Deputado, envolvido com Lúcio Funaro desde mensalão, ainda tem contato com ele

RIO — As revelações da Operação Lava-Jato enterram de vez as tentativas do presidente da Câmara, deputado Eduardo Cunha (PMDB-RJ), de se desvincular do doleiro Lúcio Bolonha Funaro, uma sombra na trajetória do parlamentar desde 2005.

 De acordo com o delator Júlio Camargo, consultor da empreiteira asiática Toyo Setal, Funaro foi um dos passageiros, no ano passado, de voos em táxi aéreo faturados como parte do pagamento de propina a Eduardo Cunha. Num dos voos, no dia 3 de agosto, Funaro e Cunha viajaram juntos.
Em esquema semelhante ao utilizado contra a Samsung, fornecedora de navios-sonda à Petrobras, Cunha teria usado requerimentos assinados pela então deputada Solange Almeida (PMDB-RJ), na Câmara, para pressionar a Schahin Engenharia a pagar uma dívida cobrada por Funaro.

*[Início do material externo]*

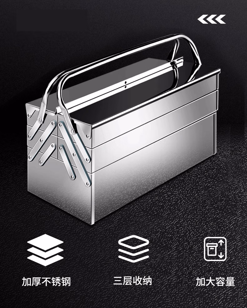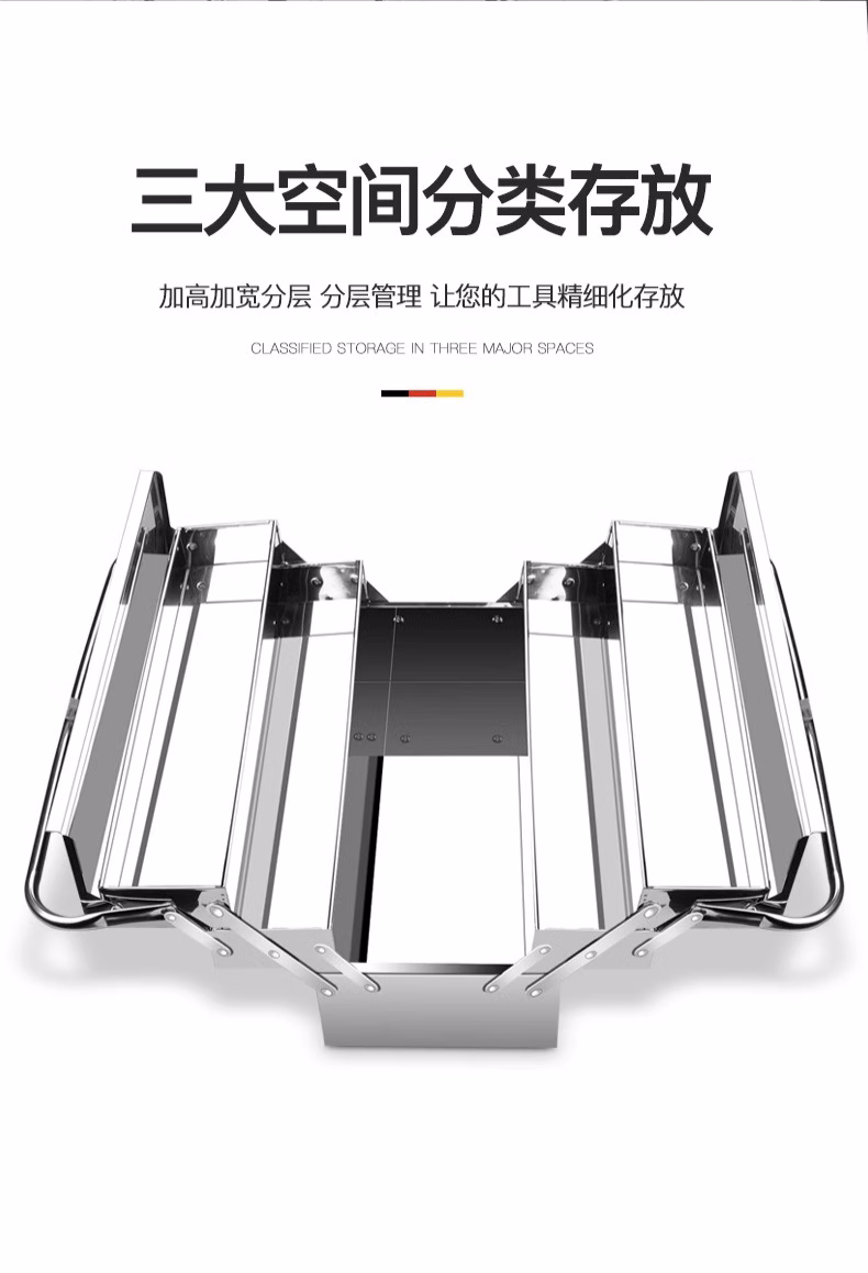 > 集华世 不锈钢多功能折叠工具箱手提式收纳盒【三层超大箱465*205*225mm】JHS-1519

Investigados pela Procuradoria-Geral da República, os voos-propina teriam sido pagos por Júlio Camargo, delator do esquema de corrupção na estatal, para saldar uma dívida residual de R$ 500 mil, a que o deputado julgava ter direito por conta de variação cambial do suborno. Deste total, R$ 200 mil teriam sido quitados em dinheiro e R$ 300 mil em créditos em voos de táxi aéreo.
De acordo com as investigações, Cunha só usou R$ 122.245 da quota em três viagens. Na primeira, dia 29 de agosto do ano passado, ao custo de R$ 44.200, Funaro e Raquel Aldejante Pitta viajaram no jatinho PP MIS, da Global Taxi Aéreo, nos trechos Congonhas/Salvador/São João da Boa Vista/Viracopos. Na segunda, Cunha e Funaro voaram juntos, no jato PR JET, da Reali Taxi Aéreo, dia 3 de setembro, por R$ 38.220, nos trechos Congonhas/Brasília/Aeroporto de Jacarepaguá/Congonhas. Os horários das decolagens sugerem que Furano se encontrou com Cunha em Brasília e, depois, eles voltaram juntos a partir da capital.


OPERADOR A BORDO
A terceira viagem, dia 9 de setembro, transportou no PR JET, por R$ 39.825, Cunha e o assessor Altair Alves Pinto nos trechos Congonhas/Rio de Janeiro/Brasília. Altair aparece na delação premiada de Fernando Falcão Soares como o operador que teria recebido propina em nome de Cunha. Camargo autorizou que a Global Táxi Aéreo faturasse os voos solicitados, mas os investigadores suspeitam que o deputado não tenha usado toda a quota por causa do avanço na Lava-Jato.

A relação entre Cunha e Funaro é publica desde 2005, quando o doleiro teve de explicar à CPI dos Correios as razões que o levaram a pagar, mensalmente, aluguel de R$ 2.200 e condomínio de mais de R$ 600 para o deputado no flat Blue Tree Towers, em Brasília. Uma corretora do doleiro teria lucrado milhões com operações no Fundo Prece, dos funcionários da Companhia Estadual de Água e Esgoto do Rio de Janeiro (Cedae), na época em que o deputado tinha forte influência política na empresa.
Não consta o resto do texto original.